(Data items)

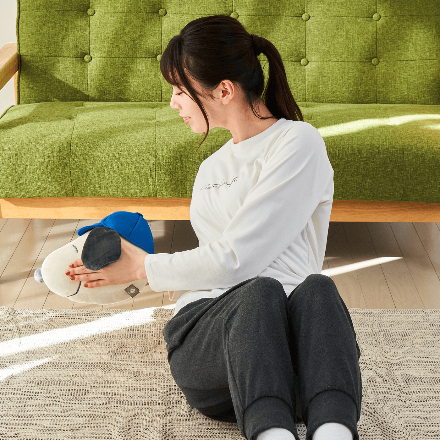 気持ちよすぎる肌ざわりと、可愛すぎるスヌーピーのデザインで、普段はぬいぐるみとしてなでなでリラックス。でも、ふとした時に気軽にトレーニングができて、気になる二の腕の引き締めや、固まった肩のストレッチに大活躍!
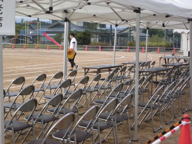 朝早くから職員が出勤し、運動場の最終準備を行いました。
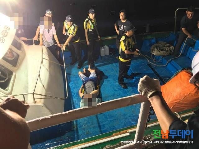 또한, 민간해양구조선 삼도호(9.77톤, 연안복합) 선장 공효신(50세, 남) 씨에게 구조요청을 하여 환자ㆍ보호자 각 1명을 민간해양구조선과 500톤ㆍ100톤급 경비함정이 신속하게 릴레이 이송하여 오늘 오전 12시 7분께 고흥군 봉래면 축정항에 대기 중인 119구급대원에게 응급환자를 인계 여수 소재 병원으로 이송조치 하였다.
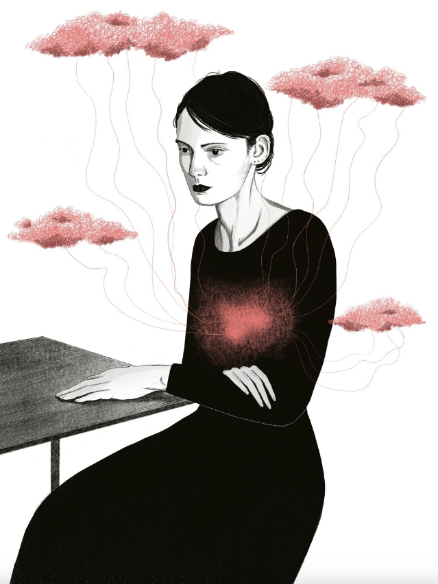 Ilustração de mulher sentada com vestido preto e nuvens cor-de-rosa ligadas ao peito.
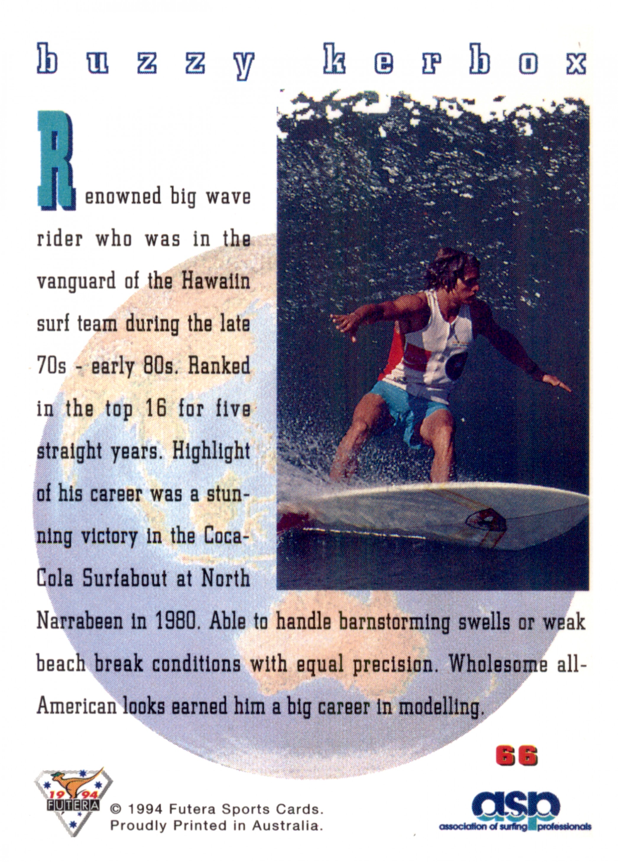1994 FUTERA HOT SURF CARD WORLD TOUR 66 BUZZY KERBOX
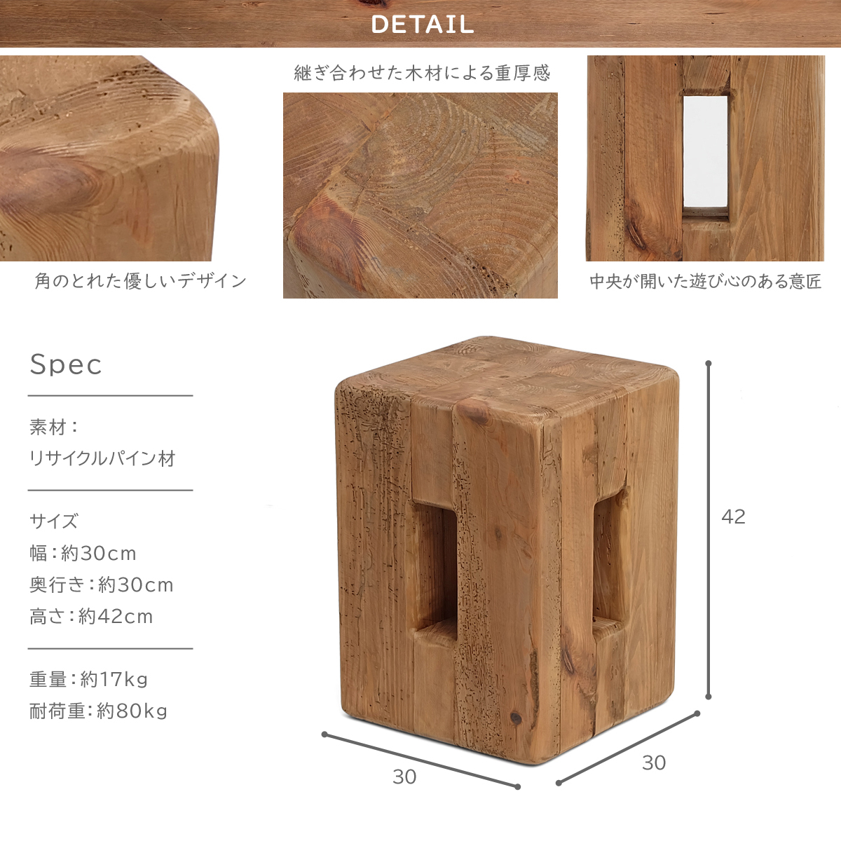 | 商品名 | リサイクルパイン ブロックスツール / 古材家具 |

#### What you are asked to do:
Your answer is all of the records restated word for word, pictures excluded.

#### Solution:
 気持ちよすぎる肌ざわりと、可愛すぎるスヌーピーのデザインで、普段はぬいぐるみとしてなでなでリラックス。でも、ふとした時に気軽にトレーニングができて、気になる二の腕の引き締めや、固まった肩のストレッチに大活躍!
 朝早くから職員が出勤し、運動場の最終準備を行いました。
 또한, 민간해양구조선 삼도호(9.77톤, 연안복합) 선장 공효신(50세, 남) 씨에게 구조요청을 하여 환자ㆍ보호자 각 1명을 민간해양구조선과 500톤ㆍ100톤급 경비함정이 신속하게 릴레이 이송하여 오늘 오전 12시 7분께 고흥군 봉래면 축정항에 대기 중인 119구급대원에게 응급환자를 인계 여수 소재 병원으로 이송조치 하였다.
 Ilustração de mulher sentada com vestido preto e nuvens cor-de-rosa ligadas ao peito.
1994 FUTERA HOT SURF CARD WORLD TOUR 66 BUZZY KERBOX
 | 商品名 | リサイクルパイン ブロックスツール / 古材家具 |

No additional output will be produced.